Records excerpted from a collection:
=-=-=
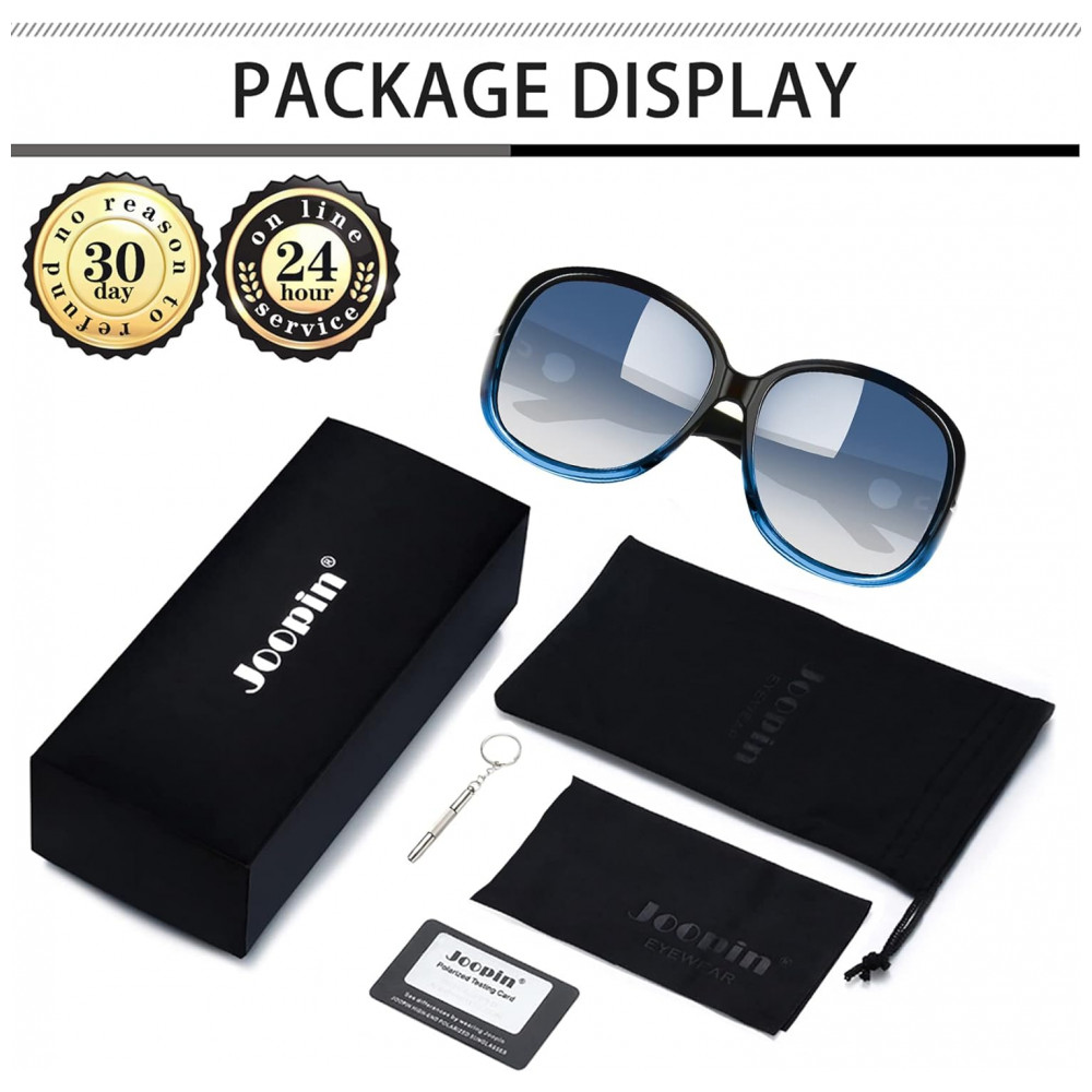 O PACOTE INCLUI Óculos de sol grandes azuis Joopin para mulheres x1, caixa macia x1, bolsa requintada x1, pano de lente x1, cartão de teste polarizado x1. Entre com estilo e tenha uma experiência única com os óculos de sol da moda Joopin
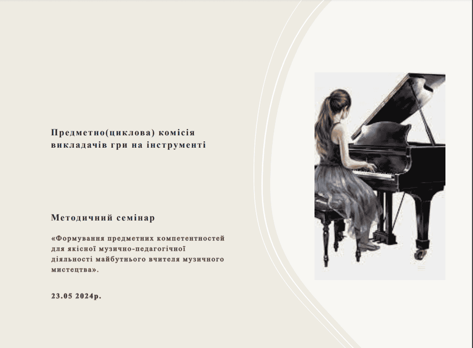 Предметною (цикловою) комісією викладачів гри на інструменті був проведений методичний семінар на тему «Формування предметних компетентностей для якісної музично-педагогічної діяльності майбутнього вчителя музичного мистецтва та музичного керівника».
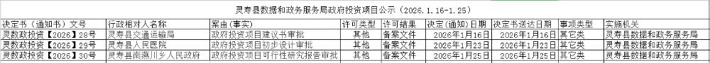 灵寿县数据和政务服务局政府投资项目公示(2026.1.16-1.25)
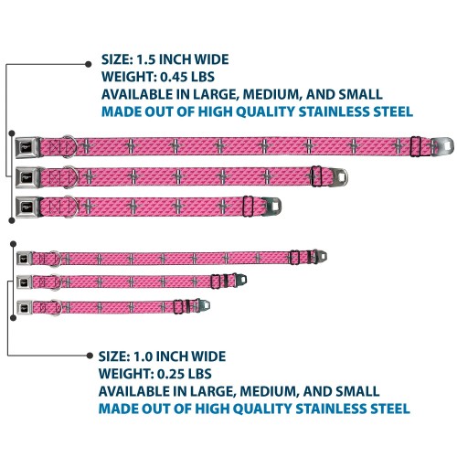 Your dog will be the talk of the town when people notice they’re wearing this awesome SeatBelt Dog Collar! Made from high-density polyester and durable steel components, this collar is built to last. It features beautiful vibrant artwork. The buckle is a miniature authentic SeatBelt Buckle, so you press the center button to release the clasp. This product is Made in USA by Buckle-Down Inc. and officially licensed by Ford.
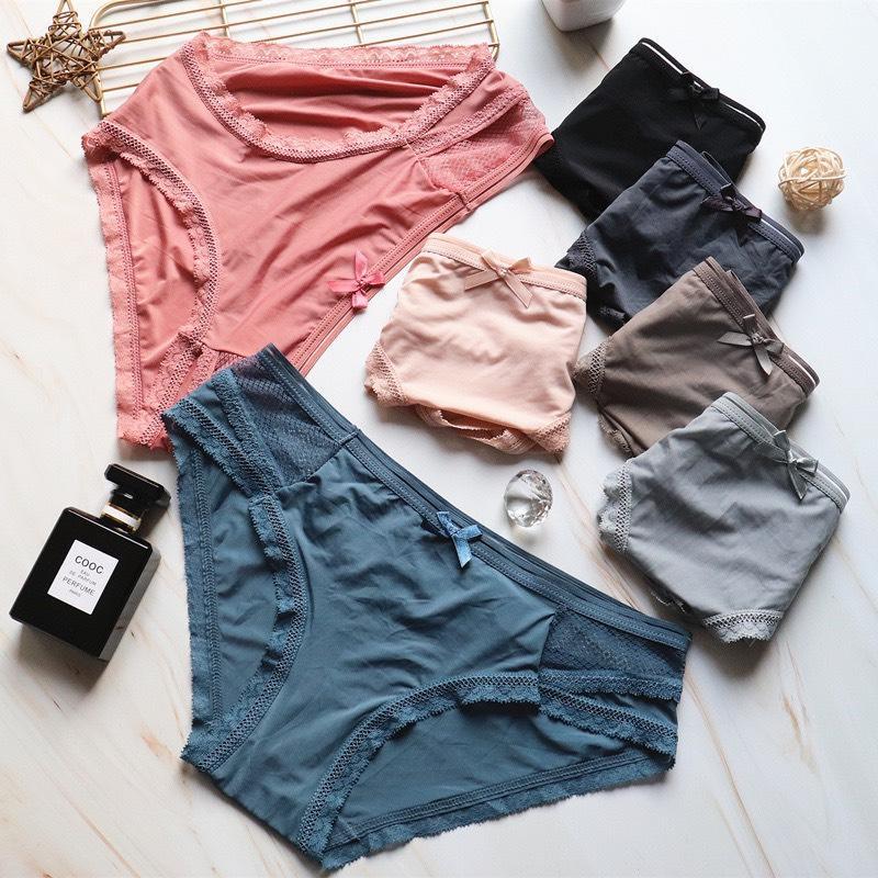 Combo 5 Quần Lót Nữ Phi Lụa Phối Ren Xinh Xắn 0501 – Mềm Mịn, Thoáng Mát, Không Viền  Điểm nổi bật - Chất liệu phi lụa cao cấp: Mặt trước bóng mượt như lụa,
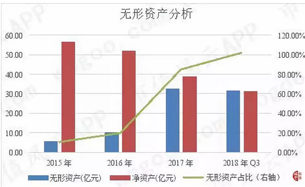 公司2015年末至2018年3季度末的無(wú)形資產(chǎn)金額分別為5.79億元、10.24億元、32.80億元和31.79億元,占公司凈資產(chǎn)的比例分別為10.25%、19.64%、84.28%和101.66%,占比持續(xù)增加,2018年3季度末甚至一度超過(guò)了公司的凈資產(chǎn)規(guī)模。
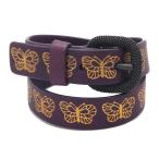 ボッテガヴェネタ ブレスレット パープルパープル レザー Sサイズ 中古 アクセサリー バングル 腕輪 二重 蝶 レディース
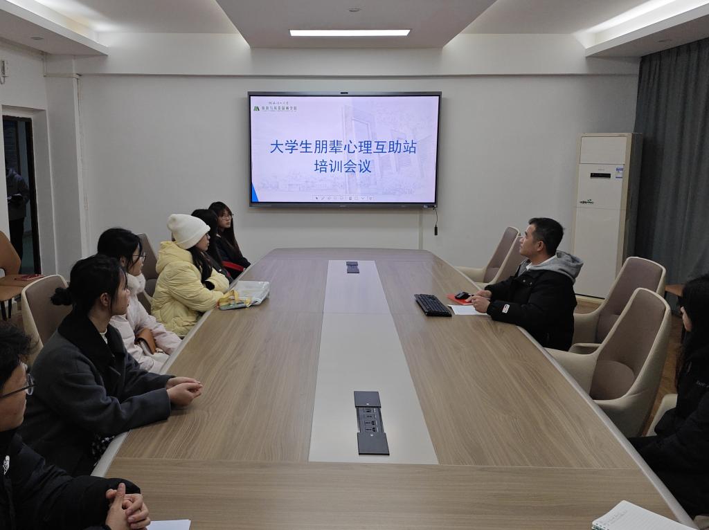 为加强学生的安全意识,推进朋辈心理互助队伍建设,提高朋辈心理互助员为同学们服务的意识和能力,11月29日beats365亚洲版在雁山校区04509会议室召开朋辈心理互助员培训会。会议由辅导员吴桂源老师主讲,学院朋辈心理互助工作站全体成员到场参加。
=-=-=
* _What the task asks_
Pictures don't belong in the copy. Retype exactly the lines from the one with "Your dog will" through the last line of the records.

* _Expected answer_
 Your dog will be the talk of the town when people notice they’re wearing this awesome SeatBelt Dog Collar! Made from high-density polyester and durable steel components, this collar is built to last. It features beautiful vibrant artwork. The buckle is a miniature authentic SeatBelt Buckle, so you press the center button to release the clasp. This product is Made in USA by Buckle-Down Inc. and officially licensed by Ford.
 Combo 5 Quần Lót Nữ Phi Lụa Phối Ren Xinh Xắn 0501 – Mềm Mịn, Thoáng Mát, Không Viền  Điểm nổi bật - Chất liệu phi lụa cao cấp: Mặt trước bóng mượt như lụa,
 公司2015年末至2018年3季度末的無(wú)形資產(chǎn)金額分別為5.79億元、10.24億元、32.80億元和31.79億元,占公司凈資產(chǎn)的比例分別為10.25%、19.64%、84.28%和101.66%,占比持續(xù)增加,2018年3季度末甚至一度超過(guò)了公司的凈資產(chǎn)規(guī)模。
 ボッテガヴェネタ ブレスレット パープルパープル レザー Sサイズ 中古 アクセサリー バングル 腕輪 二重 蝶 レディース
 为加强学生的安全意识,推进朋辈心理互助队伍建设,提高朋辈心理互助员为同学们服务的意识和能力,11月29日beats365亚洲版在雁山校区04509会议室召开朋辈心理互助员培训会。会议由辅导员吴桂源老师主讲,学院朋辈心理互助工作站全体成员到场参加。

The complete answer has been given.